I am a graduate of the University of New Brunswick Faculty of Law (JD) and the University of Chicago Law School (LLM). I am the National Director of the Runnymede Society, a national law student organization dedicated to debate on issues relating to the Rule of Law, constitutionalism, and individual liberty. I clerked at the Federal Court for Justice Ann Marie McDonald. I have interests in administrative law broadly, with specific interests in substantive review of administrative interpretations of law. I am also interested in law and economics. Any views expressed on Double Aspect are mine, and do not represent the views of the Runnymede Society.

One thought on “The Self-Own of Court-Packing”

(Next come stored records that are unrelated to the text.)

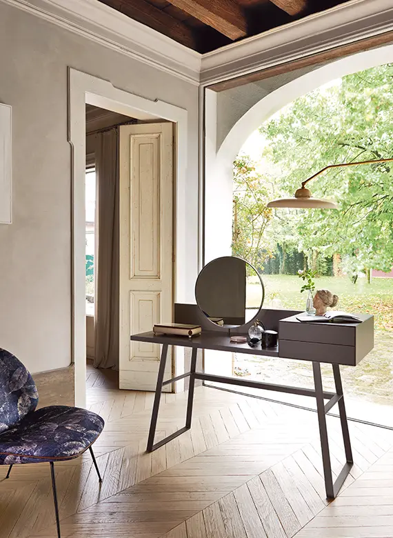 Segreto can transform into a beautiful vanity table or a practical writing desk in the mirrorless version, designed to organize a home office or a dedicated space for reading, note-taking, and relaxation, embodying a refined furnishing culture.
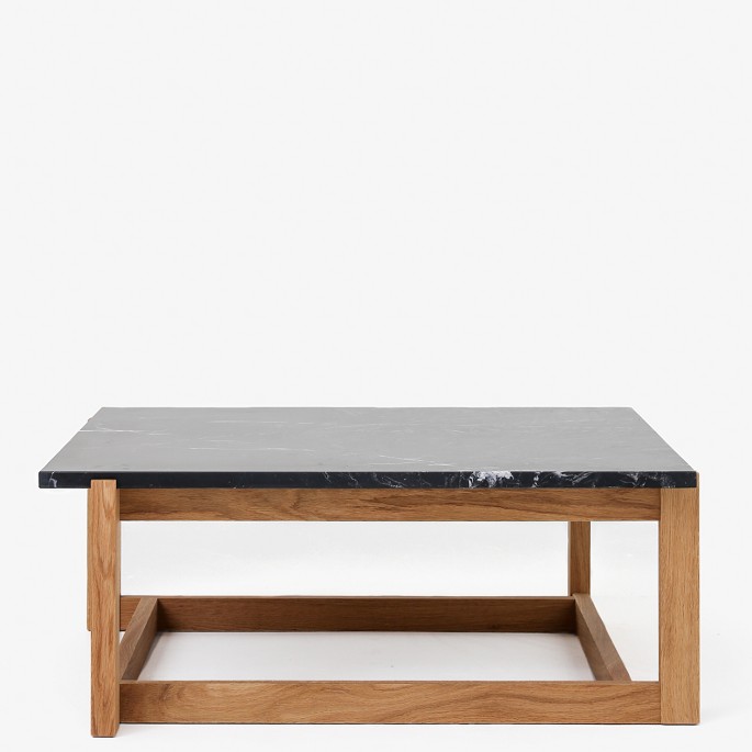 'Studio' kvadratisk sofabord i massiv, olieret stel af eg med sort marmor.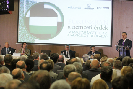 A miniszterelnök úgy fogalmazott, a mai kormányzati politika modellértékű elemének nevezhetjük, a munkaalapú társadalom bevezetését a jóléti helyett, az igazságos és méltányos tehermegosztás kialakítását, az érdem szerinti előrejutás elvét, valamint az Európa-politikát. Mi a nemzetek Európáját akarjuk, azt gondoljuk, hogy egy olyan föderációban, ahol feloldódnak a nemzetek, ott Magyarországnak nincsen helye – jelentette ki. Mint mondta, hazánk részt kíván venni az unió jövőjéről szóló vitában. Mi a nemzetek Európáját akarjuk látni, ezért dolgozunk – tette hozzá. Úgy fogalmazott, ha eltűnnek a nemzetek, eltűnik a tisztelet és a megbecsülés. Hangsúlyozta, a nemzetek eltűnésével egy birodalmi Európában kell élni, ahol a provinciáknak „gyakran kell szembenézniük igazságtalansággal, kettős mércével, és azzal, hogy visszaél a hatalmával az erős birodalmi központ”.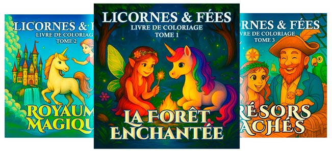 Livre de coloriage fantastique basé sur une histoire pour enfants, avec des licornes, des fées et des aventures en forêt enchantée.
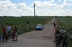 Залізничний переїзд поблизу зупинного пункту. Вид з поїзда.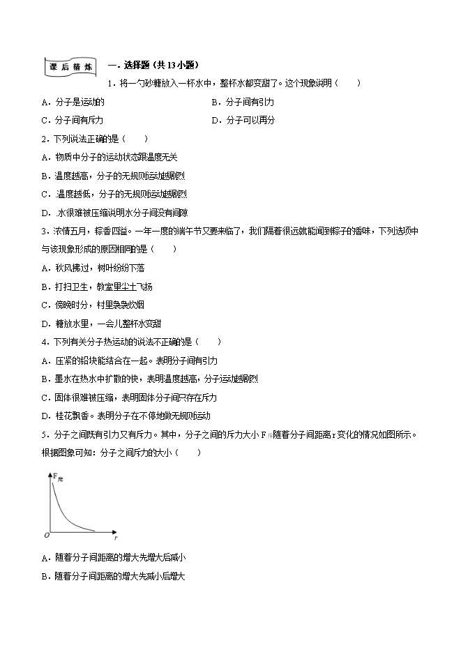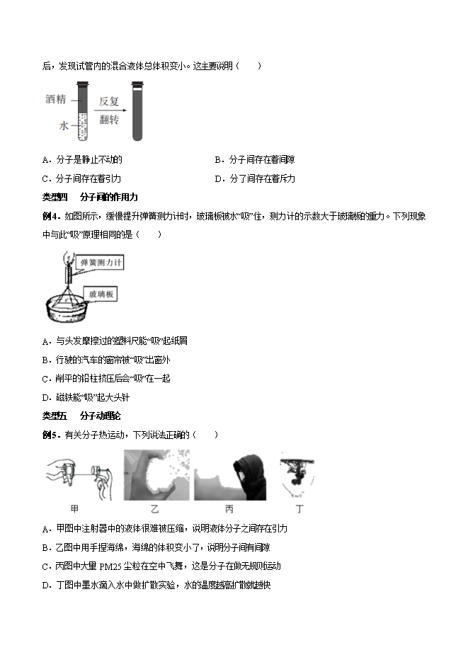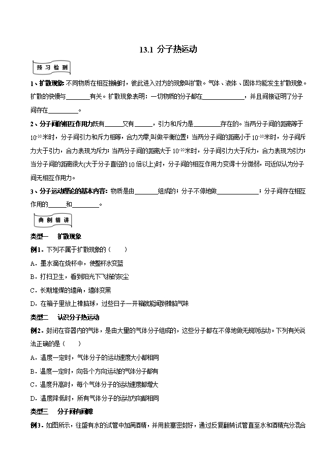 【内容简介】1、扩散现象:不同物质在相互接触时,彼此进入对方的现象叫扩散。气体、液体、固体均能发生扩散现象。扩散的快慢与 温度 有关。扩散现象表明:一切物质的分子都在不停地做无规则热运动 ,并且间接证明了分子间存在 间隙 。2、分子间的相互作用力既有 引力 又有 斥力 ,引力和斥力是 同时存在的。当两分子间的距离等于10-10米时,分子间引力和斥力相等,合力为零,叫做平衡位置;当两分子间的距离小于10-10米时,分子间斥力大于引力,合力表现为斥力;当两分子间的距离大于10-10米时,分子间引力大于斥力,合力表现为引力;当分子间的距离很大(大于分子直径的10倍以上)时,分子间的相互作用力变得十分微弱,可近似认为分子间无相互作用力。3、分子运动理论的基本内容:物质是由 分子 组成的;分子不停地做 无规则热运动 ;分子间存在相互作用的 引力 和 斥力 。 类型一 扩散现象例1.下列不属于扩散现象的( )A.墨水滴在烧杯中,使整杯水变蓝B.打扫卫生,看到阳光下飞扬的灰尘 C.长期堆煤的墙角,墙体变黑D.在箱子里放上樟脑球,过些日子一开箱就能闻到樟脑气味【答案】B。【解析】A、墨水滴入热水后,由于分子的运动很快将整杯水都变成蓝色,说明分子在不停地运动,属于扩散现象,故A不符合题意;B、打扫卫生时看到飞扬的尘土,是固体颗粒在运动,属于机械运动,不属于扩散现象,故B符合题意;C、长期堆煤的墙角,墙体变黑,是煤分子进入到了墙体中,属于扩散现象,故C不符合题意;D、在箱子里放上樟脑球,过些日子一开箱就能闻到樟脑气味,是气味分子在运动,属于扩散现象,故D不符合题意。

  1. I agree with you. I think court packing as a solution would both complicate the Supreme Court going forward, and would be a solution to a problem that may not even be a problem. Conservative judges don’t really behave like Conservative politicians, any more than liberal judges behave like liberal politicians. Particularly in an apex court where they are above much of the political tug of war, their conservativism or liberalism is much more philosophical than political, and thus high courts don’t tend to behave like legislatures. They don’t have the same job, they don’t have the same imperatives or considerations. Many a political leader has been confounded when their hand picked justice doesn’t make the politically desirable decision.

    The problem for Republicans right now has more to do with the expectations of the current President, and just as importantly, the current President’s political base, who are very much expecting a justice to be appointed that will take on the laundry list of conservative grievances; in particular Roe v Wade. And the Democrats, in their turn, also occupy a world where a conservative Supreme Court is just going to reverse Roe v Wade. It’s a possibility, to be sure, but I don’t think one with a high likelihood. Roe v Wade is based on prior SCOTUS decisions, and later decisions built on Roe v Wade, so the idea that “Trump’s court” (there isn’t really such a thing) is just going to run roughshod over precedent seems hyperbolic; both for opponents of Roe v Wade and its supporters.